Data items
-*-*-

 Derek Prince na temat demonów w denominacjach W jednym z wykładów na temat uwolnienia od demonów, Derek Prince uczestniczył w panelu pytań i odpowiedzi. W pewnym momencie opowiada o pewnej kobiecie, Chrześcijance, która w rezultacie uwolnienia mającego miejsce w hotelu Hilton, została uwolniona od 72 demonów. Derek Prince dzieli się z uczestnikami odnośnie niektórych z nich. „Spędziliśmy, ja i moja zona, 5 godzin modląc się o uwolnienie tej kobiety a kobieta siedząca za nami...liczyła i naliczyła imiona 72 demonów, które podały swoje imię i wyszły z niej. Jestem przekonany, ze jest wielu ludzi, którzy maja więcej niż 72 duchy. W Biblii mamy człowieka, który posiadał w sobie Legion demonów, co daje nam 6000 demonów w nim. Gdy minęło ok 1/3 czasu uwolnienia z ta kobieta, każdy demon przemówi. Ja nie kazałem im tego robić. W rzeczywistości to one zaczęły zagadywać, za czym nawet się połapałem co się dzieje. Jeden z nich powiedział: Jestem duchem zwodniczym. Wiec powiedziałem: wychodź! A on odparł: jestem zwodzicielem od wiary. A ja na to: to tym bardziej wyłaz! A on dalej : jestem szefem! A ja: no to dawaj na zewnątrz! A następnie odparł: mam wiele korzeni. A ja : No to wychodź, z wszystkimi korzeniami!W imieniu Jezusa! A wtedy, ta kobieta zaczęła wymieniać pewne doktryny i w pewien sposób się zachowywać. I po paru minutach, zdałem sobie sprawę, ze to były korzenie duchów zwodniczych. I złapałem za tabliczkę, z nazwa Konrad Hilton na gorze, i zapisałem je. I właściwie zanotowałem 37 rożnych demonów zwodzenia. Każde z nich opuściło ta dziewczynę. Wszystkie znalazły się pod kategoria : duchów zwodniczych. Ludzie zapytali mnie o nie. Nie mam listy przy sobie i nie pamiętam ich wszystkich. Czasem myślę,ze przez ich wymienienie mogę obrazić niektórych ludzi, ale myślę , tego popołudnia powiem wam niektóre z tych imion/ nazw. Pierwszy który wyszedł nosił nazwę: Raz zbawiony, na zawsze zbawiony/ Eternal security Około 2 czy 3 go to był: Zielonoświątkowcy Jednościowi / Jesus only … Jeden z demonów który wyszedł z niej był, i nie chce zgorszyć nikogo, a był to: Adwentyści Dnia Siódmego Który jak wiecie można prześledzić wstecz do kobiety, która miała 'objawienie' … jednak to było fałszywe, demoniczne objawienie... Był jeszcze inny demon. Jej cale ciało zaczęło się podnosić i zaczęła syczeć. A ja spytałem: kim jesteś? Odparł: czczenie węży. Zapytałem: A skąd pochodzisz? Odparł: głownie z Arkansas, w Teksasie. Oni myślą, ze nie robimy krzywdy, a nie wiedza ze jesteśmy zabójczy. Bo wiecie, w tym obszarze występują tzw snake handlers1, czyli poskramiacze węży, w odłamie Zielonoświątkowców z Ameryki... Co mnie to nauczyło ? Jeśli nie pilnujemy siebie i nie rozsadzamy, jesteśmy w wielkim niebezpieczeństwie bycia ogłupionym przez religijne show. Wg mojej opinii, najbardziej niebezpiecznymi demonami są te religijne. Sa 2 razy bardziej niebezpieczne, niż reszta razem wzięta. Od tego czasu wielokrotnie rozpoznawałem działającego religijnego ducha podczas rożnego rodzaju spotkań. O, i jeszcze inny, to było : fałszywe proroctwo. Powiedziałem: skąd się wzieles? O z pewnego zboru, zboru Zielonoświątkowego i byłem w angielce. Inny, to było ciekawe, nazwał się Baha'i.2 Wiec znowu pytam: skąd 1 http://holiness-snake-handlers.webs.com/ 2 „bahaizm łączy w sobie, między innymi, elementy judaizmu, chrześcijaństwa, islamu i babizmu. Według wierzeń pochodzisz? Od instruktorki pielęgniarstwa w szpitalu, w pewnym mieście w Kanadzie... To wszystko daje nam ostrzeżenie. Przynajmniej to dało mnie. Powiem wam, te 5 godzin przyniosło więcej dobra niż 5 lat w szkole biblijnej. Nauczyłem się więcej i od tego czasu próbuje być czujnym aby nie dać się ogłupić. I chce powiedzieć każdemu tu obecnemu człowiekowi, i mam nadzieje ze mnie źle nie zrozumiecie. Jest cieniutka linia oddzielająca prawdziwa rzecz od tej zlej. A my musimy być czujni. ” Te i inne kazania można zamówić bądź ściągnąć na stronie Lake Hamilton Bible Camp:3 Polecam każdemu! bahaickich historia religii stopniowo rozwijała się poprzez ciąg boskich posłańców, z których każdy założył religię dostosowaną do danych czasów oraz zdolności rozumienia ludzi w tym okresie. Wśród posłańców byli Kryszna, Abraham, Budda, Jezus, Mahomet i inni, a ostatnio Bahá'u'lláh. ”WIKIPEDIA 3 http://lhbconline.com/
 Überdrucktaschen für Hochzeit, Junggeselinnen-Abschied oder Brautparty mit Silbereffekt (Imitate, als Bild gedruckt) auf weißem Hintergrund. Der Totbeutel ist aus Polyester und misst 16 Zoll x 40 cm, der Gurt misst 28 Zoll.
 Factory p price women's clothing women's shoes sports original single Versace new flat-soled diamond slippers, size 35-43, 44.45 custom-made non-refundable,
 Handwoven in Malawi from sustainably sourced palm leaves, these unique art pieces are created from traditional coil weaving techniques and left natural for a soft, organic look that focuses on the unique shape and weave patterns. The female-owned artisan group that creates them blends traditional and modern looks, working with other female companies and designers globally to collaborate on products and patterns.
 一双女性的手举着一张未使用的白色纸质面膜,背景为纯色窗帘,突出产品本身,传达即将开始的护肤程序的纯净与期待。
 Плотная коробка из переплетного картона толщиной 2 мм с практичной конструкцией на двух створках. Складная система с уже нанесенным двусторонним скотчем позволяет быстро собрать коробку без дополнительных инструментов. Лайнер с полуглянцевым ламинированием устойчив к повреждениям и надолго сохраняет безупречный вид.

-*-*-

_Work instructions_. An exact repeat of all the records is required.

_Answer for this exercise_.
 Derek Prince na temat demonów w denominacjach W jednym z wykładów na temat uwolnienia od demonów, Derek Prince uczestniczył w panelu pytań i odpowiedzi. W pewnym momencie opowiada o pewnej kobiecie, Chrześcijance, która w rezultacie uwolnienia mającego miejsce w hotelu Hilton, została uwolniona od 72 demonów. Derek Prince dzieli się z uczestnikami odnośnie niektórych z nich. „Spędziliśmy, ja i moja zona, 5 godzin modląc się o uwolnienie tej kobiety a kobieta siedząca za nami...liczyła i naliczyła imiona 72 demonów, które podały swoje imię i wyszły z niej. Jestem przekonany, ze jest wielu ludzi, którzy maja więcej niż 72 duchy. W Biblii mamy człowieka, który posiadał w sobie Legion demonów, co daje nam 6000 demonów w nim. Gdy minęło ok 1/3 czasu uwolnienia z ta kobieta, każdy demon przemówi. Ja nie kazałem im tego robić. W rzeczywistości to one zaczęły zagadywać, za czym nawet się połapałem co się dzieje. Jeden z nich powiedział: Jestem duchem zwodniczym. Wiec powiedziałem: wychodź! A on odparł: jestem zwodzicielem od wiary. A ja na to: to tym bardziej wyłaz! A on dalej : jestem szefem! A ja: no to dawaj na zewnątrz! A następnie odparł: mam wiele korzeni. A ja : No to wychodź, z wszystkimi korzeniami!W imieniu Jezusa! A wtedy, ta kobieta zaczęła wymieniać pewne doktryny i w pewien sposób się zachowywać. I po paru minutach, zdałem sobie sprawę, ze to były korzenie duchów zwodniczych. I złapałem za tabliczkę, z nazwa Konrad Hilton na gorze, i zapisałem je. I właściwie zanotowałem 37 rożnych demonów zwodzenia. Każde z nich opuściło ta dziewczynę. Wszystkie znalazły się pod kategoria : duchów zwodniczych. Ludzie zapytali mnie o nie. Nie mam listy przy sobie i nie pamiętam ich wszystkich. Czasem myślę,ze przez ich wymienienie mogę obrazić niektórych ludzi, ale myślę , tego popołudnia powiem wam niektóre z tych imion/ nazw. Pierwszy który wyszedł nosił nazwę: Raz zbawiony, na zawsze zbawiony/ Eternal security Około 2 czy 3 go to był: Zielonoświątkowcy Jednościowi / Jesus only … Jeden z demonów który wyszedł z niej był, i nie chce zgorszyć nikogo, a był to: Adwentyści Dnia Siódmego Który jak wiecie można prześledzić wstecz do kobiety, która miała 'objawienie' … jednak to było fałszywe, demoniczne objawienie... Był jeszcze inny demon. Jej cale ciało zaczęło się podnosić i zaczęła syczeć. A ja spytałem: kim jesteś? Odparł: czczenie węży. Zapytałem: A skąd pochodzisz? Odparł: głownie z Arkansas, w Teksasie. Oni myślą, ze nie robimy krzywdy, a nie wiedza ze jesteśmy zabójczy. Bo wiecie, w tym obszarze występują tzw snake handlers1, czyli poskramiacze węży, w odłamie Zielonoświątkowców z Ameryki... Co mnie to nauczyło ? Jeśli nie pilnujemy siebie i nie rozsadzamy, jesteśmy w wielkim niebezpieczeństwie bycia ogłupionym przez religijne show. Wg mojej opinii, najbardziej niebezpiecznymi demonami są te religijne. Sa 2 razy bardziej niebezpieczne, niż reszta razem wzięta. Od tego czasu wielokrotnie rozpoznawałem działającego religijnego ducha podczas rożnego rodzaju spotkań. O, i jeszcze inny, to było : fałszywe proroctwo. Powiedziałem: skąd się wzieles? O z pewnego zboru, zboru Zielonoświątkowego i byłem w angielce. Inny, to było ciekawe, nazwał się Baha'i.2 Wiec znowu pytam: skąd 1 http://holiness-snake-handlers.webs.com/ 2 „bahaizm łączy w sobie, między innymi, elementy judaizmu, chrześcijaństwa, islamu i babizmu. Według wierzeń pochodzisz? Od instruktorki pielęgniarstwa w szpitalu, w pewnym mieście w Kanadzie... To wszystko daje nam ostrzeżenie. Przynajmniej to dało mnie. Powiem wam, te 5 godzin przyniosło więcej dobra niż 5 lat w szkole biblijnej. Nauczyłem się więcej i od tego czasu próbuje być czujnym aby nie dać się ogłupić. I chce powiedzieć każdemu tu obecnemu człowiekowi, i mam nadzieje ze mnie źle nie zrozumiecie. Jest cieniutka linia oddzielająca prawdziwa rzecz od tej zlej. A my musimy być czujni. ” Te i inne kazania można zamówić bądź ściągnąć na stronie Lake Hamilton Bible Camp:3 Polecam każdemu! bahaickich historia religii stopniowo rozwijała się poprzez ciąg boskich posłańców, z których każdy założył religię dostosowaną do danych czasów oraz zdolności rozumienia ludzi w tym okresie. Wśród posłańców byli Kryszna, Abraham, Budda, Jezus, Mahomet i inni, a ostatnio Bahá'u'lláh. ”WIKIPEDIA 3 http://lhbconline.com/
 Überdrucktaschen für Hochzeit, Junggeselinnen-Abschied oder Brautparty mit Silbereffekt (Imitate, als Bild gedruckt) auf weißem Hintergrund. Der Totbeutel ist aus Polyester und misst 16 Zoll x 40 cm, der Gurt misst 28 Zoll.
 Factory p price women's clothing women's shoes sports original single Versace new flat-soled diamond slippers, size 35-43, 44.45 custom-made non-refundable,
 Handwoven in Malawi from sustainably sourced palm leaves, these unique art pieces are created from traditional coil weaving techniques and left natural for a soft, organic look that focuses on the unique shape and weave patterns. The female-owned artisan group that creates them blends traditional and modern looks, working with other female companies and designers globally to collaborate on products and patterns.
 一双女性的手举着一张未使用的白色纸质面膜,背景为纯色窗帘,突出产品本身,传达即将开始的护肤程序的纯净与期待。
 Плотная коробка из переплетного картона толщиной 2 мм с практичной конструкцией на двух створках. Складная система с уже нанесенным двусторонним скотчем позволяет быстро собрать коробку без дополнительных инструментов. Лайнер с полуглянцевым ламинированием устойчив к повреждениям и надолго сохраняет безупречный вид.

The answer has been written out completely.